Apart from MANAS Bangla, several projects in other districts are also languishing from the lack of funds. On July 17, the projects of four organizations working in four different districts of West Bengal—Madhya Banglar Sangram, Prantik Bongaon, Dum Dum Swikriti Society, and PLUS—received notices of non-renewal with effect from April 1st, without specification of cause. “Despite approaching WBSAPCS officials several times, we got only 25 percent of our grant amount till March, and in July, the project was terminated without explanation,” says a senior staff member of Madhya Banglar Sangram. A fifth project for transgenders run by the community-based organization, Koshish, has not yet been terminated but has also not received most of its due funds.
The effects upon vulnerable sexual minority communities are strikingly similar to the situation at MANAS Bangla projects. Senior officials of Madhya Banglar Sangram, Dum Dum Swikriti Society, Prantik Bongaon, and Koshish describe how staff members are joining high-risk professions like launda dancing (commercial dancing involving sex work). “I would not have gone for launda dancing, but there has been no salary since February. During the dance season, groups of men would come to us in the night and forcibly take us away for sex,” says a staff member of Madhya Banglar Sangram.

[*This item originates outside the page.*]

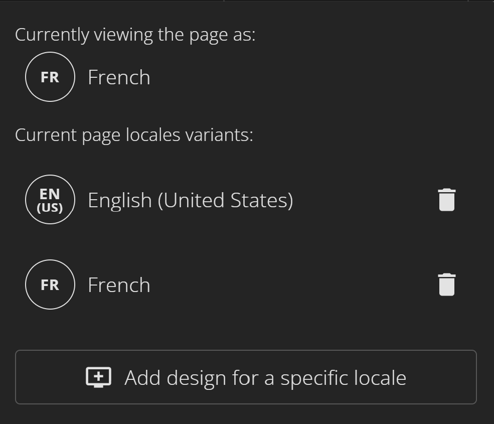 - You can also delete any locale by clicking the Delete icon next to the locale under Current page locales variants.

The funding gap thus creates an environment conducive to such human rights violations. Besides staff, broader communities served by these interventions are also exposed to severe health risks. A senior staff member at Koshish reports, “doctors are refusing to treat cases of sexually transmitted infections, because we have been unable to pay them for several months, so people coming to our intervention are not being able to access vital services as well as regular medical checkups.”
While the aforementioned projects are separate from MANAS Bangla, some of them seem to have been targeted for their alleged links with MANAS. A senior HIV project staff member who requested anonymity says, “I was told by the Assistant Director of Targeted Interventions at WBSAPCS that the projects of community-based organizations with board members who had also been on the board of MANAS Bangla will not be renewed, though our project is entirely autonomous, and our board was changed years ago. This seems to be a clear case of political revenge.”

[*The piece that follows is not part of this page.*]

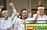 Гран-при России - Российский этап гонок "Формулы-1" в Сочи. Пилот команды "Макларен" Фернандо Алонсо (в центре), гоночный директор команды “Макларен” Эрик Булье (справа) на фотосессии в честь своей 250-й гонки в "Формуле-1" во время подготовки к первой сессии свободных заездов на российском этапе чемпионата мира по кольцевым автогонкам в классе "Формула-1".

While it is not clear whether political vendetta or bureaucratic apathy is at play in each of these different cases, overall MSM and transgender communities in 11 projects serving 10 districts of West Bengal continue to lack access to basic health services during the administrative transition between governments.
Activists are demanding greater transparency regarding funding decisions, timely release of past dues, and the continuation of vital health services to affected communities. “We want to know why our projects were discontinued, but no reasons have been forthcoming,” says a senior activist from one of the aforementioned projects. Activists have considered legal steps such as public interest litigations, but fear that due funds will be held up further if the decisions of WBSAPCS are challenged.
In the words of Ashish*, a former outreach worker, “the health ministry and government talk of health and human rights, but what are they going to do about the suffering of our communities?” Since legal redress is unlikely in the near future, community members hold on to the hope that a wider awareness of the impact of these closures might prompt the government to respond.
Aniruddha Dutta is a PhD candidate in Gender, Women, & Sexuality Studies at the University of Minnesota studying MSM and transgender communities and movements in eastern India.
[Image courtesy of Flickr user Oatsandsugar]
*Starred names have been changed upon request.